What it seems to you has nothing to do with the actual cases.
The actual cases as they seem to whom? God, or someone else? Epistemology.
When there's a contradiction it has to be resolved and that's done in councils where the correct teaching is affirmed by the guidance of the Holy Spirit.
Protestants agree with Orthodox Councils entirely! Yet our contradictions have never been resolved in Council, have they? Let's get one going, you and me and whomever comes along, I can wear a bishop hat. :) Isn't that how Orthodox Councils are called? I mean, I'd love to have as much hierarchical support for one as possible, but if the hierarchy doesn't act then the contradiction waits patiently, doesn't it? (In a Protestant theory, the two of us have already begun convening a Council just by our collegial discussion, and it remains to be seen whether our august words will "take" in the larger church, just as Tradition decided which were Orthodox Councils and which were just friendly synods.)
No one taught this prior to Luther.
Not many, but because there were several schisms and many extinct heresies by that point the theory was already established. Namely, Orthodox claimed the mantle, so did Catholics, so did OO and Nestorians and Armenians. (The early church had unity but each congregation was still recognized as distinctive, such as when Paul and Peter split their strategies, or when Paul and Barnabas (more roughly) did the same.) So the distinctiveness of individual congregations is still held even when there's also schism among them. The issue with distinctives isn't the distinctives, but whether they are false as shown by them withering and dying (Jesus removing the candle). That's the only final test of the heretic or cult (dying in sin); the excommunication is just a preparatory formal declaration that may or may not be healed.
Furthermore this doctrine assumes a criteria for judging which parts of the faith are essential.
When I first realized as a youth that all churches proclaim the same essential but all have a different way of framing that essential (starting with three creeds, e.g.), it showed that the essential is ineffable and all our statements of it are just instantiations. So it's still possible to hold to the ideal and then to make mistakes in implementing it. Killing another sect is usually a mistake. I've found ways to resolve most all Protestant distinctives, which is why I'm working on Orthodox and Catholic distinctives too. But I'm not finding many Orthodox distinctives that I don't already appreciate as a Protestant.

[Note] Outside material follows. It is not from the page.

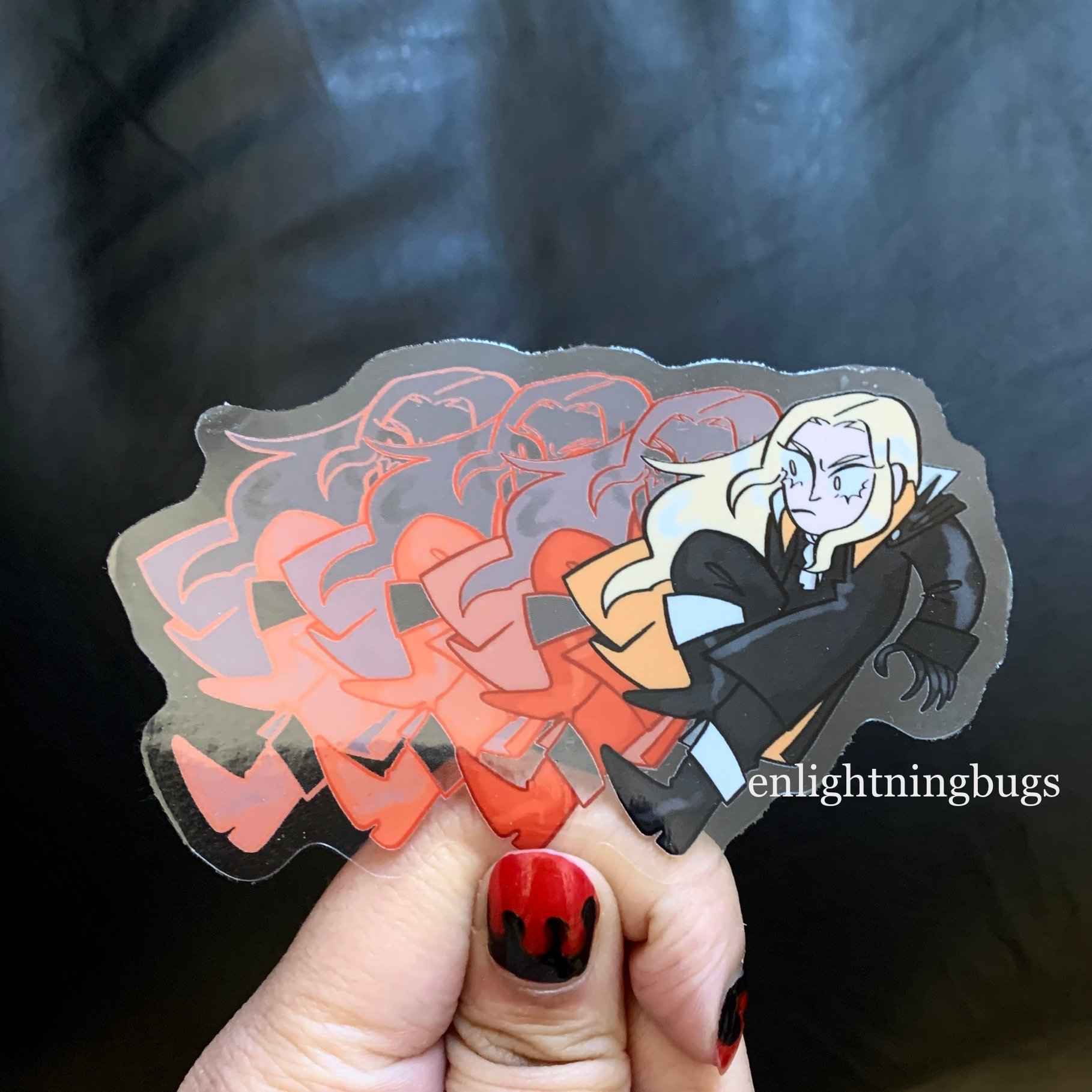 This 2.5x4in vinyl sticker features a clear background and a gradient of transparency on the afterimages. Amazing!!

Now we could select a form of "infallibility" as a distinctive, the Orthodox Church Will Never Fail. Hmm, I dunno. I'm confident what God calls his Church will never fail; now how can I be certain of what God calls his Church? Because of the circular argument risk, I can only be sufficiently certain. That means it's theoretically possible that any Church organization could fail (stand lest ye fall), but while a Church stands strong it's sufficiently likely that it won't fail anytime soon. We extend the hand of fellowship (a token of our sufficient understanding). So I can't say that even infallibility pertains necessarily to the Orthodox and nobody else, because any definition of it applies to all, or none.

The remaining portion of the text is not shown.